The $2.2 trillion Coronavirus Aid, Relief and Economic Security (CARES) Act contains several regulatory provisions important to FDA-regulated industries. AgencyIQ explains these provisions and their potential impact.
On Wednesday, the Senate advanced on a $2.2 trillion stimulus package, the Coronavirus Aid, Relief and Economic Security (CARES) Act of 2020, to confront the COVID-19 pandemic.
While the legislation contains substantial provisions intended to improve the health of the nation’s economy, it also includes numerous provisions intended to affect the way life sciences products are regulated. In this analysis, AgencyIQ identifies provisions that would affect the FDA and the life sciences companies it regulates. Though the bill is primarily focused on regulations that could help the FDA and industry better respond to COVID-19, it also contains substantial provisions intended to change the entire way that over-the-counter drugs are regulated in the US.
The CARES Act legislation is generally focused on material improvements to the supply chain from a payment and regulatory oversight perspective. As noted, it also contains an extensive provision to modify the FDA’s process for approving over-the-counter drugs through significant updates to the FDA’s “monograph” process. The legislation is also notable for what it does not address. These provisions are outlined in the following graphic and will be discussed in detail later in this analysis.
Security and the supply chain
The United States’ life sciences industry is heavily reliant on a global supply chain for the products it produces and consumes. Even if products are ultimately assembled in the US, they may have constituent parts that are made or sourced abroad. As COVID-19 continues to have a massive global impact, there are concerns that drug or device shortages may emerge in the US. Those concerns—that the US supply chain is vulnerable to global shocks or conflict—have long been noted in Congress, and the CARES Act begins to take steps to alleviate some concerns and set the foundation to later address others.

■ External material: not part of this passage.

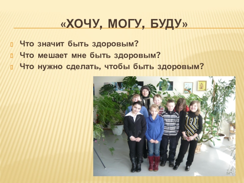 «хочу, могу, буду»Что значит быть здоровым?Что мешает мне быть здоровым?Что нужно сделать, чтобы быть здоровым?

One provision of the legislation aims to alleviate the effects of shocks to the supply chain by improving the amount of critical products kept in reserve in the Strategic National Stockpile. Currently, the directive for the types of supplies that must be maintained in the stockpile include “drugs, vaccines and other biological products, medical devices, and other supplies.” The bill would amend this definition, describing the types of products that should be included as medical devices. Specifically, this would include “personal protective equipment, ancillary medical supplies, and other applicable supplies required for the administration of drugs, vaccines and other biological products, medical devices, and diagnostic tests.” The changes come as healthcare providers report having difficulty accessing sufficient quantities of personal protective equipment (PPE), accessories like ventilator tubing and swabs for diagnostics.
Additionally, the bill would also officially codify that respirator equipment is a “covered countermeasure” for the purposes of liability protections for manufacturers during the outbreak. This means that, under the COVID-19 Public Health Emergency and Declaration of Emergency Use, the FDA can authorize the use of respirators that have not been fully approved or cleared by the agency for distribution, and the manufacturer will be shielded from legal liability for any adverse outcomes or patient harms that do not demonstrate “willful misconduct.”
The CARES Act also directs HHS to contract with the National Academies of Sciences, Engineering and Medicine to examine the security of the US’ medical product supply chain. That research would be used to make recommendations to Congress about which measures should be taken to improve security, which could inform future legislation. The report would focus on drugs and devices that are sourced or manufactured outside of the US.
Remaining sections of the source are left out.